杉田庄一上飛曹にとって、鹿屋基地は居心地が悪かった。剣部隊は第5航空艦隊に属しているが、その司令部は鹿屋基地にあり、司令長官が宇垣纏中将だったからである。杉田が山本五十六司令長官機の護衛についたとき、2番機に乗って撃墜されながら助かったのが、当時連合艦隊参謀長たった宇垣である。宇垣は4月6日から、沖縄防衛の特攻作戦「菊水作戦」を指揮し、源田実司令にも「そろそろ特攻隊を出してはどうか」と打診していた。
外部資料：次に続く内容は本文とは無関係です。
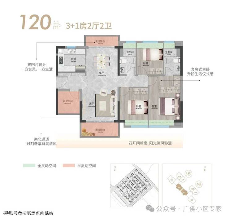 双阳台+阔绰双厅南北通透,四开间朝南,套房式主卧更多生活仪式感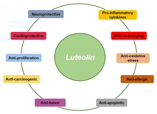 Many diseases cause inflammation in the body’s tissues and organs. Like other flavonoids, luteolin exhibits a variety of pleiotropic properties, making it difficult to attribute all of its pharmacological effects to a single metabolic process. Luteolin has anti-inflammatory properties at micromolar concentrations, including the restraint of proinflammatory mediators (e.g., COX-2, nitric oxide (NO), IL-6, IL-1, and TNF-α) and the regulation of several signaling pathways, including the nuclear factor (NF)-κB, activator protein (AP)-1, and JAK–STAT pathways. Crosstalk connects all those pathways, and luteolin can control and repress them. The most important effect of luteolin, however, is its potent antioxidative power, which includes excellent radical scavenging and cytoprotective properties [,,].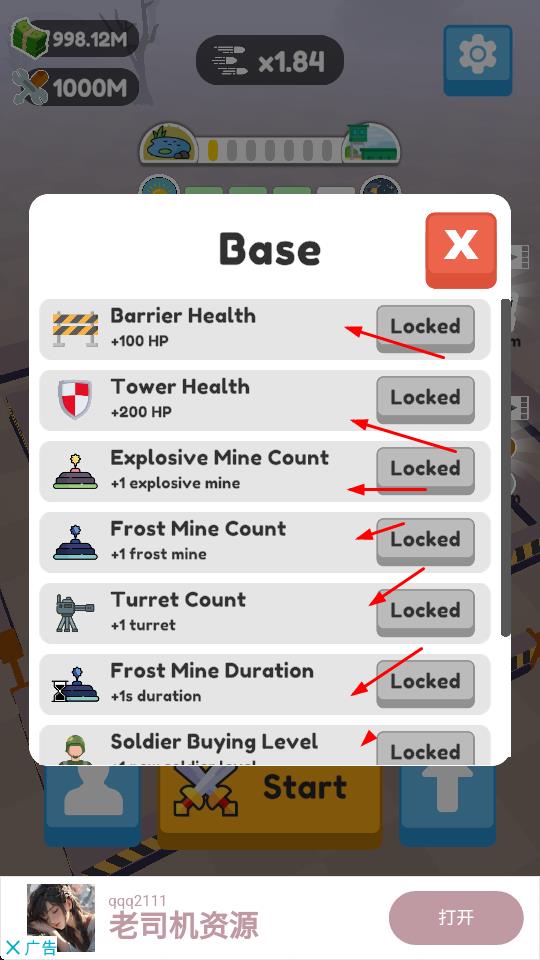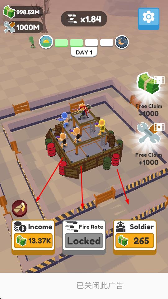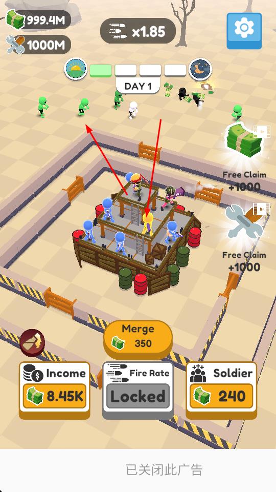2、作战过程中可以使用钞票来升级下方3个属性,可以招募士兵,合成相同士兵,来增加战斗力。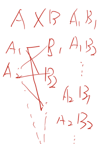 - 카테시안 곱 (Cartesian product): ×

源田から話を聞いた菅野は、鹿屋から他の基地へ移るように意見具申した。源田からの要請で343空は第一国分基地へ移動することになり、それが2日後に追っていた。

午後3時ごろ、電探(レーダー)基地と監視哨から指揮所へ緊急通報が入った。

「敵編隊、佐田岬の南東10カイリ(約18.5キロメートル)を北進中!」

源田は「即時発進」を命じた。杉田は愛機に飛び乗った。2番機の笠井智一(上飛曹)、3番機の宮沢豊美(二飛曹)、4番機の田村恒春(飛長)も搭乗した。源田は双眼鏡で上空を見あげた。すでにグラマンF6FとF4Uコルセアの編隊が攻撃態勢に入り、急降下してきた。どんな優秀な搭乗員でも離陸時を狙われたらひとたまりもない。

 「発進中止、退避せよ!」

 源田は自ら機上の無線電話に向かって声を張りあげた。ほとんどの隊員は発進を中止したが、すでに杉田と宮沢だけは滑走を始めていた。杉田の機体は離陸直後に敵の猛射を浴びて火を噴き、飛行場の端に激突した。宮沢も燃料タンクを撃ち抜かれて火だるまとなったまま飛び続け、国立療養所の庭に落ちた。

「あの不死身の杉田が戦死するとは…」

悲報を告げられた菅野直大尉は激しいショつツクを受けた。その姿は傍から見ていても痛々しいものがあった。

 翌16日、杉田の遺体が荼毘に付された。ところが火葬の前に再び空襲があり、敵戦闘機が放ったロケット弾が近くで炸裂し、杉田の遺体を吹き飛ばしてしまった。

 源田の具申により、杉田の戦死は全軍布告され、単独撃墜70機、協同撃墜40機の功績により2階級特進で少尉に進級した。